[WORK REQUIRED]:
All that is needed is the line containing "精炼系统可以稳定提升装备基础" and the lines after it to the end of the material, written out exactly, pictures left aside.

[DATASET]:
=== Begin Enclosure ===
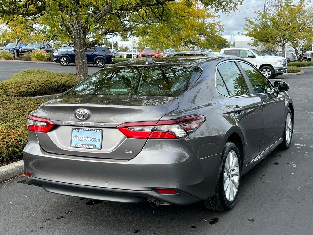 2021 Toyota Camry LE Gray 2.5L I4 DOHC 16V 28/39 City/Highway MPG Black Cloth, 4-Wheel Disc Brakes, 6 Speakers, 7.5J x 17" Alloy Wheels, ABS brakes, Air Conditioning, Alloy wheels, AM/FM radio: SiriusXM, Apple CarPlay/Android Auto, Auto High-beam Headlights, Brake assist, Bumpers: body-color, Delay-off headlights, Driver door bin, Driver vanity mirror, Dual front impact airbags, Dual front side impact airbags, Electronic Stability Control, Emergency communication system: Safety Connect with 1-year trial, Exterior Parking Camera Rear, Fabric Seat Trim, Four wheel independent suspension, Front anti-roll bar, Front Bucket Seats, Front Center Armrest, Front reading lights, Fully automatic headlights, Illuminated entry, Knee airbag, Low tire pressure warning, Occupant sensing airbag, Outside temperature display, Overhead airbag, Overhead console, Panic alarm, Passenger door bin, Passenger vanity mirror, Power door mirrors, Power driver seat, Power steering, Power windows, Radio data system, Radio: AM/FM Audio System, Rear anti-roll bar, Rear seat center armrest, Rear side impact airbag, Rear window defroster, Remote keyless entry, Security system, Speed control, Speed-sensing steering, Split folding rear seat, Steering wheel mounted audio controls, Tachometer, Telescoping steering wheel, Tilt steering wheel, Traction control, Trip computer, Variably intermittent wipers, Black Cloth. Priced below KBB Fair Purchase Price! Odometer is 14417 miles below market average! Our Best Price Up Front, No Games or Gimmicks. Our advertised price is for a retail type purchase and may not be available for Fleet or Commercial use type purchase; please call us to confirm.
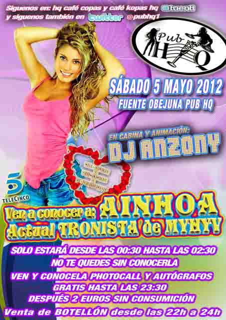 El próximo sábado 5 de Mayo podrás conocer a la actual tronista de MYHYV, a la guapísima Ainhoa, en Pub "HQ" de Fuente Obejuna. Sólo estará en el local desde las 00,30 h hasta las 02,30 h, durante estas dos horas podrás conocerla, hacer photocall y recibir autógrafos de la popular personaje televisiva del programa de Tele 5. En cabina y animación estará D.J. Anzony. Hasta las 23,30 h podrás acceder al pub gratuitamente, y a partir de esta hora la entrada será de 2 euros sin consumición. Habrá además venta de botellón desde las 22,00 h hasta los 24,00 h
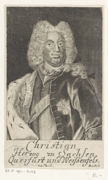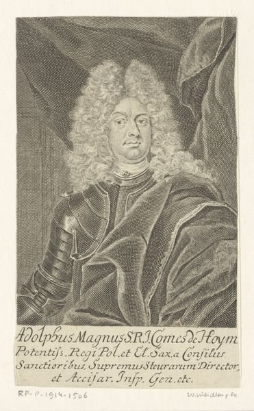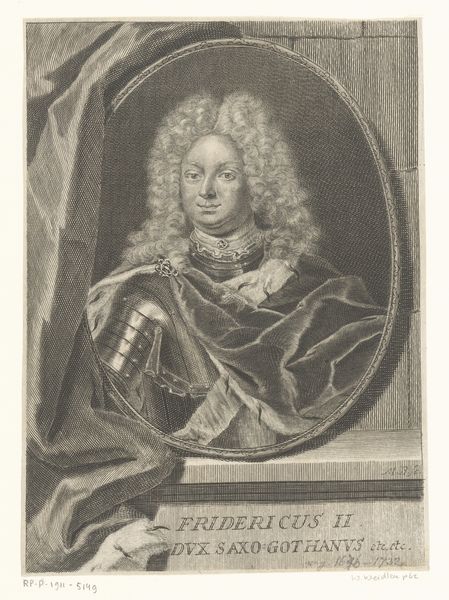 Curator: Tobias Gabriel Beck’s engraving, "Portret van Frederik II van Saksen-Gotha-Altenburg," created in 1726, offers us a fascinating glimpse into the past. Editor: It has a solemn feel. The cross-hatching gives depth, but also seems to weigh down the figure. What does the semiotics suggest? Curator: Precisely! The intricate detail in the armor and the opulent wig speaks to power, and Beck uses line to create a hierarchy of visual elements, leading our eye to the subject’s face. The contrast between the dark armor and the delicate rendering of the face suggests an individual defined by both martial prowess and aristocratic refinement. Editor: Right. It’s about the visual vocabulary of authority in 18th century European aristocracy. But there’s a performative aspect we shouldn't ignore. These portraits are inherently political tools, manufacturing and disseminating images of powerful men, mostly ignoring their often problematic histories. The wig, for example, functioned as a distancing signifier, further marking this man off from "common" subjects and reifying social divisions. Curator: An interesting take! The engraving technique itself adds a layer. The precision and clarity of the lines suggest a desire for objective representation. Editor: Perhaps, but objective for whom? Remember, images of power also perpetuate asymmetrical power dynamics. How were images such as these received and used? They don't only capture a face; they work as political currency. How might viewers receive it today? Curator: True. The composition does seem to be an attempt to capture Frederick's presence and status. Editor: Perhaps then we should view it, as viewers now, critically evaluating power rather than celebrating the mere artistic craftsmanship? Curator: Yes. Looking at this from different lenses enhances the viewer experience. Editor: Exactly! Appreciating how historical representations were used is key, no?
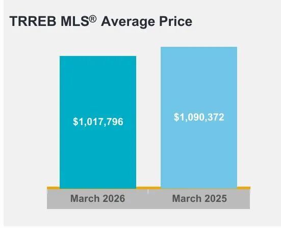 판매량은 소폭 반등했지만, 주택 가격은 계속 하락하고 있습니다. 3월 광역 토론토 지역의 평균 주택 매매가는 1,017,796달러로, 작년 3월 대비 6.7% 하락했습니다.
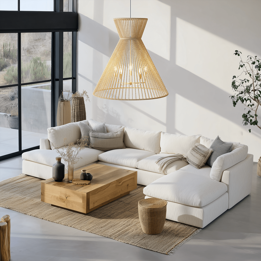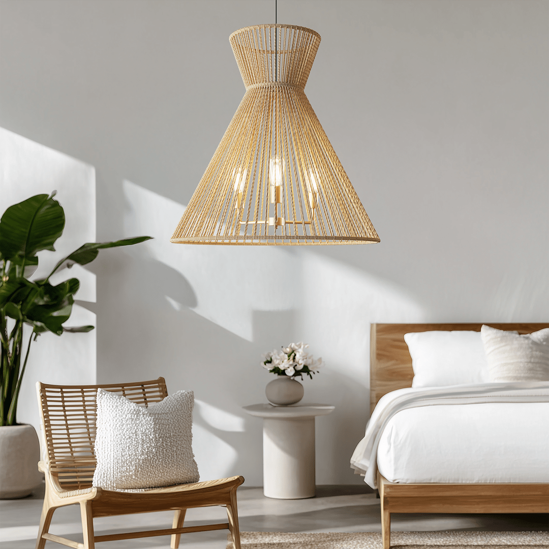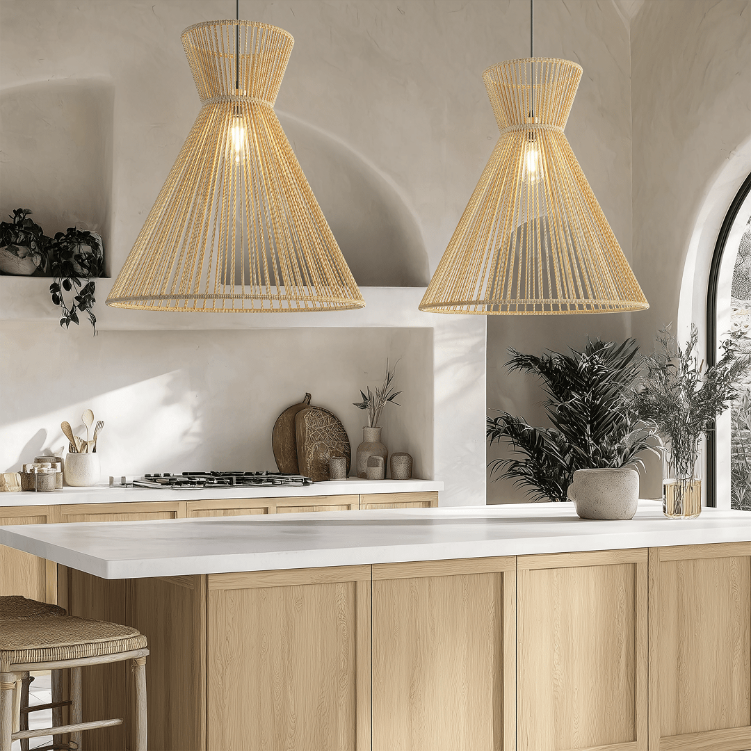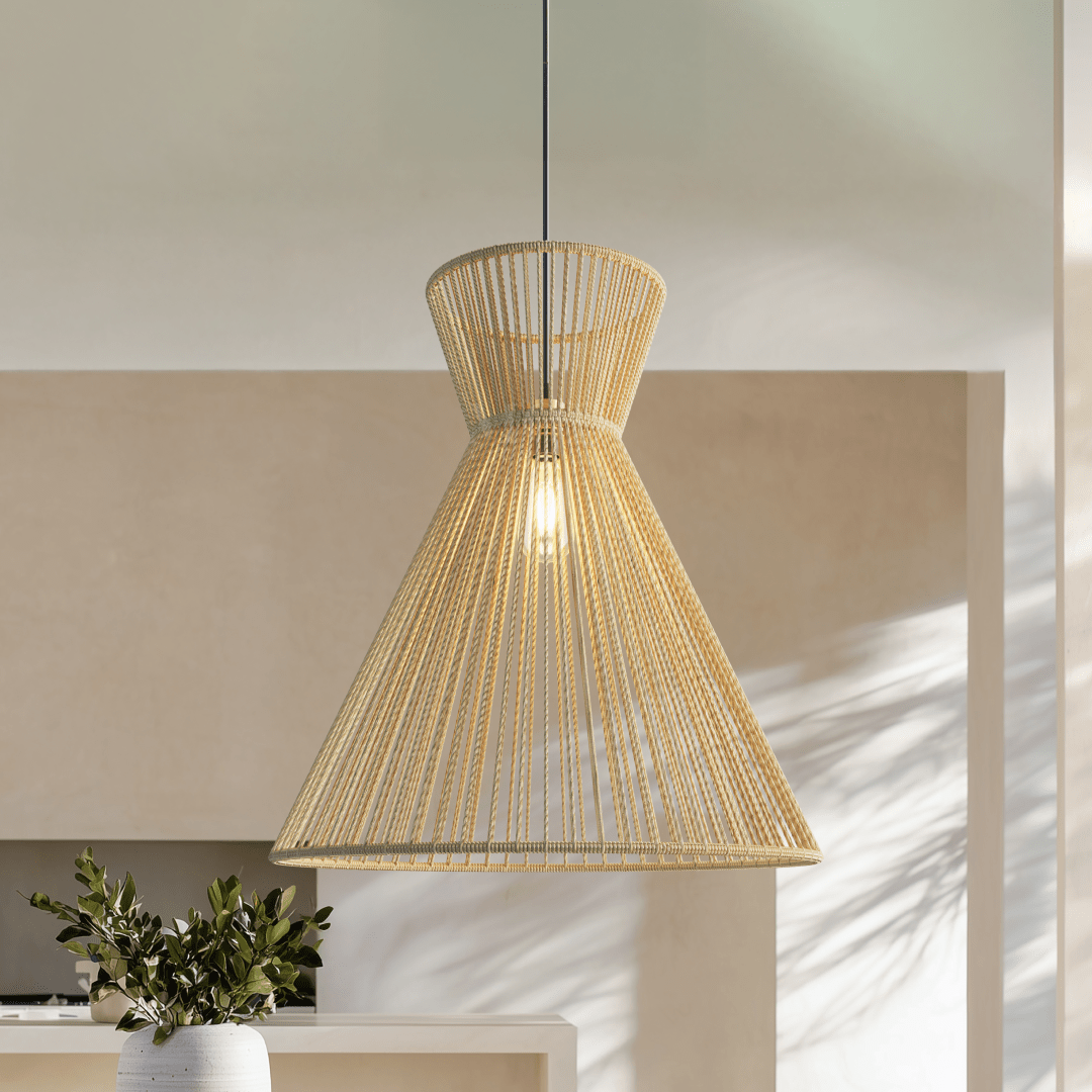 Crafted with hand-knitted hemp rope and solid brass, Isla brings organic texture and modern boho ease to any space. Its open, sculptural form lets light breathe—creating a warm, radiant glow.
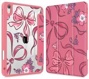 Mektron Case for 2025 iPad Air 13 inch M3 Cover Compatible 2024 iPad Air 13 inch M2 with Pencil Holder, Shockproof Clear Shell + Trifold Stand, Flowers-Bows-Red
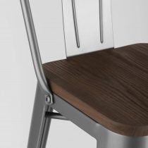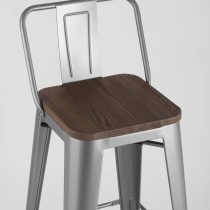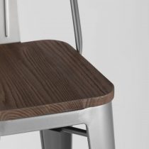 Барный стул Tolix серебристого цвета привлекает внимание необычным дизайном и строгой окраской. Наиболее выразительная деталь – массивное металлическое основание серебристого цвета, благодаря которому модель устойчива даже на неровных поверхностях. Широкая низкая спинка в тон основания выполнена из оцинкованного металла с порошковым напылением, сиденье – из натурального дерева цвета венге. Модель «Толикс» подойдет для дома, может использоваться в кафе и барах, на открытых террасах ресторанов, где предусмотрен интерьер в стиле Лофт или средневековый.
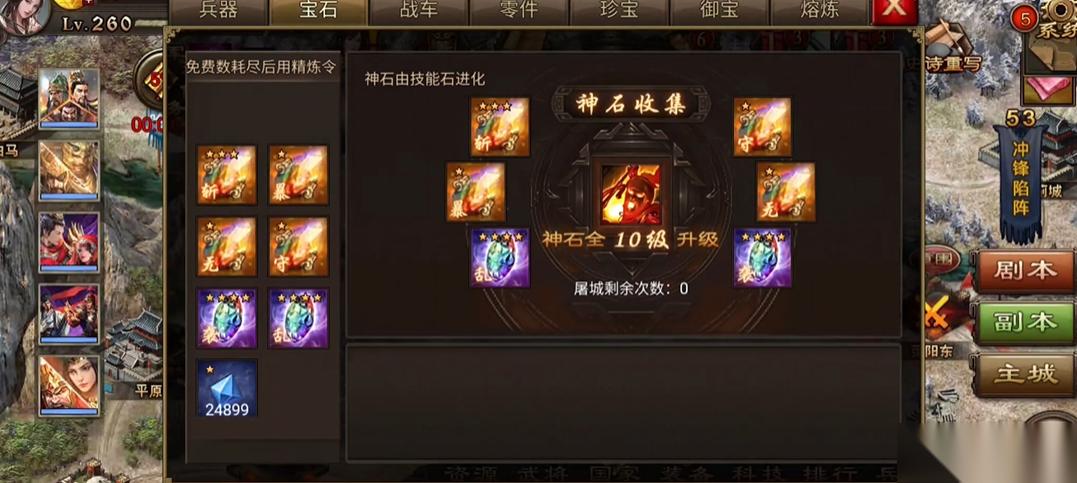 精炼系统可以稳定提升装备基础属性,建议优先处理主力武将的装备。宝石镶嵌则提供了针对性的增强方案:攻击型武将适合暴击和攻击宝石,防御型武将则更需要生命和防御宝石。
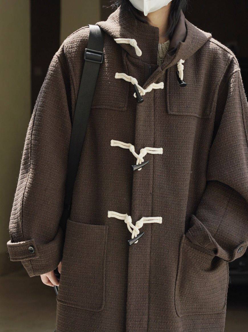 秋冬新款韩系简约复古牛角扣呢大衣宽松厚重显瘦长款休闲外套女
=== End Enclosure ===
[SOLUTION TO THE PROBLEM]:
 精炼系统可以稳定提升装备基础属性,建议优先处理主力武将的装备。宝石镶嵌则提供了针对性的增强方案:攻击型武将适合暴击和攻击宝石,防御型武将则更需要生命和防御宝石。
 秋冬新款韩系简约复古牛角扣呢大衣宽松厚重显瘦长款休闲外套女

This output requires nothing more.